Language modeling is among the important problems that require modeling long-term dependency, with successful applications such as unsupervised pretraining (Dai & Le, 2015; Peters et al., 2018; Radford et al., 2018; Devlin et al., 2018)

. However, it has been a challenge to equip neural networks with the capability to model long-term dependency in sequential data. Recurrent neural networks (RNNs), in particular Long Short-Term Memory (LSTM) networks 

(Hochreiter & Schmidhuber, 1997), have been a standard solution to language modeling and obtained strong results on multiple benchmarks. Despite the wide adaption, RNNs are difficult to optimize due to gradient vanishing and explosion (Hochreiter et al., 2001)

, and the introduction of gating in LSTMs and the gradient clipping technique 

(Graves, 2013; Pascanu et al., 2012) might not be sufficient to fully address this issue. Empirically, previous work has found that LSTM language models use 200 context words on average (Khandelwal et al., 2018), indicating room for further improvement.

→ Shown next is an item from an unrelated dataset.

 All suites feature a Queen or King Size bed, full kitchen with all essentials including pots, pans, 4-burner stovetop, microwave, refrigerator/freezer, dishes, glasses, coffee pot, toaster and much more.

On the other hand, the direct connections between long-distance word pairs baked in attention mechanisms might ease optimization and enable the learning of long-term dependency (Bahdanau et al., 2014; Vaswani et al., 2017). Recently, Al-Rfou et al. (2018) designed a set of auxiliary losses to train deep Transformer networks for character-level language modeling, which outperform LSTMs by a large margin. Despite the success, the LM training in Al-Rfou et al. (2018) is performed on separated fixed-length segments of a few hundred characters, without any information flow across segments. As a consequence of the fixed context length, the model cannot capture any longer-term dependency beyond the predefined context length. In addition, the fixed-length segments are created by selecting a consecutive chunk of symbols without respecting the sentence or any other semantic boundary. Hence, the model lacks necessary contextual information needed to well predict the first few symbols, leading to inefficient optimization and inferior performance. We refer to this problem as context fragmentation.

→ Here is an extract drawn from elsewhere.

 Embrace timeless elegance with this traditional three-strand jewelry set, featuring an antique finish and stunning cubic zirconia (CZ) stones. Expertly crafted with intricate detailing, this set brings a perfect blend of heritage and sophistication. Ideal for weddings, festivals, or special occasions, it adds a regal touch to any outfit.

To address the aforementioned limitations of fixed-length contexts, we propose a new architecture called Transformer-XL (meaning extra long). We introduce the notion of recurrence into our deep self-attention network. In particular, instead of computing the hidden states from scratch for each new segment, we reuse the hidden states obtained in previous segments. The reused hidden states serve as memory for the current segment, which builds up a recurrent connection between the segments. As a result, modeling very long-term dependency becomes possible because information can be propagated through the recurrent connections. Meanwhile, passing information from the previous segment can also resolve the problem of context fragmentation. More importantly, we show the necessity of using relative positional encodings rather than absolute ones, in order to enable state reuse without causing temporal confusion. Hence, as an additional technical contribution, we introduce a simple but more effective relative positional encoding formulation that generalizes to attention lengths longer than the one observed during training.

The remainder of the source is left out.